While the elements that created such daunting conditions are many, chief among them is leadership deficiency.   

Many Muslim nations are in a functionally broken or a deplorable state of existence. Some, like Syria, Iraq, Libya, and Yemen are already junglified. According to UNICEF, over 20 million Yemenis need humanitarian aid. Others, such as Egypt, Lebanon, Nigeria and Mali are perfectly placed on the conveyor belt while periodically projecting artificial agency or state authority. Meanwhile, economic predators continue to enhance their exploitation strategies into fine arts.   
The Perilous Protection 
Some monarchies and emirates have entrusted all their own personal security and that of their respective nations into the hands of mercenaries. Countries such as United Arab Emirates have cultivated deeply rooted business relationships with the likes of the ever-elusive, infamous Blackwater.
Ironic as it may seem, UAE became the center where private security companies gravitate towards or the global trade fair where international mercenaries showcase their lethal services.      
Unfortunately, times have profoundly changed from the day when Marzabaan the Persian emissary arrived at Medina and could not find a royal palace in the city; when the emissary was lead to Umar—the Second Caliph—taking a nap under a shady tree in the outskirt of the city; the day when the wise emissary was compelled to make this famous observation: “You assumed authority over them, you served them justly, you felt safe among them, and earned to sleep (exposed and without guards).”
Unfortunately, today, most of the so-called Muslim leaders are known as dictators, kleptocrats, and absolute monarchs. Most of them lack trustworthiness to earn public confidence. They lack the vision to lead and the fairness and empathy to care for the least represented of their fellow citizens.  But, make no mistake; the real power still rests with the people. Rulers need justice more than their subjects.
Nature of the Deficiency  
Throughout the world today, leaders who are morally anchored, who have the confidence to stand alone, the courage to make tough decisions and the compassion to listen to the needs of those in whose affairs are entrusted upon them are in short supply. 

Needed are: Leaders who command profound trust from their people, and are agents for positive change; Leaders who possess broader vision who don’t selfishly position themselves in the center of their ‘national interest’ strategies; Leaders who are driven by causes that transcend the self, clan, region interests; Leaders who recognize that their status, or vested authority, is a time-constrained privilege, not a right; Leadership that protects the rights of others and ensure that no grievance is left unaddressed.
At all levels—social, economic, and political—these dire times demand transformational leaders who could inspire visions that transcend time and space, who have the capacity to translate those visions into viable strategies, transformative values, and actions, who could cultivate the right minds and institutions that would sustain those vision for posterity.

With fires of sectarianism, extremism and intergenerational rivalries raging across the Middle East, needed are leaders who could challenge boundaries of unjust conformity and intellectual confinements; leaders who would not be frightened by new ideas simply because they challenge status quo.

The Metaphor of the Double-decked Ship
In this month of reflection, it is worth remembering the many examples of bad endings of all bad leaders.
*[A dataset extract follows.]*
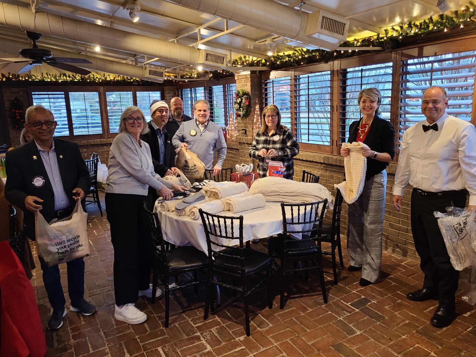 The North Cobb Rotary Club purchased and packaged items for the families of the Ronald McDonald medical center. Club members Christina Hawkins, Deborah Morton and Steph Espinoza purchased the items at Walmart and Costco to prepare for a packaging day after a club meeting. On 12/19/25 club members stayed after a club meeting to wrap the items together and prepare for delivery.
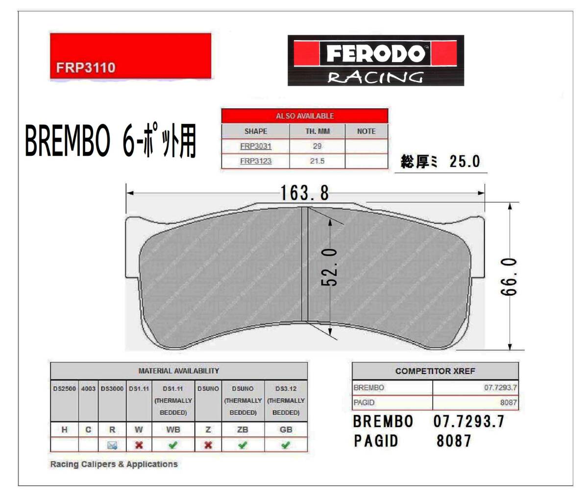 - BREMBO 6-Pistonキャリ FERODO レーシング パッド破格デ

History is peppered with such example. 
Warning against the abuse of privilege, Prophet Muhammad used the two-decked ship parable in which the morally pompous people were housed in the upper deck and the laity in the lower deck. Whenever the lower deck people needed water, they had to go to the upper deck who gave them a hard time on each occasion. This went on for a while till one day, out of frustration, one of the lower deck people decided to bust a hole in the ship in order to access the water beneath. It wasn’t long before they all perished.

Transformational leaders are trend watcher. They are always vigilant of any seemingly small problem with the potential to develop into a major crisis. 
Counsel to the Leaders
There is no good leadership without good ethics – the two go hand in hand. Ethics is as a code of conduct or values that distinguish right from wrong, the moral from the immoral, virtuous from the vile in governing the lives of individuals, groups, and societies. In Islam it is known as khuluq. “Deal with people in the best and the most ethical way,” said Prophet Muhammad. 
As you reflect and attempt to refine your leadership qualities, you may consider these:
First, know your advisors as well as they know you, especially those in charge of your national security engineering. 
Second, always keep in mind that anyone who would kill others for money or greed would have no moral obligation to compromise you and your nation for the right price.
Third, never assess your political crisis based solely on current events. If you are not into history, at least, try to rewind your memory database to recall how events came to be in the first place.
Fourth, keep your passions in check; never become enamored with the seat of power- it is the only way to spare yourself, people, and country’s immanent destruction. 
Fifth, the best protection that a leader could have is the authentic confidence of the people. Always listen to the people to know what might matter to them the most, and who among them might be disenfranchised, deprived or aggrieved.
The alternative is a roller coaster ride into a perpetual state of chaos, exploitation, and suicidal extremism.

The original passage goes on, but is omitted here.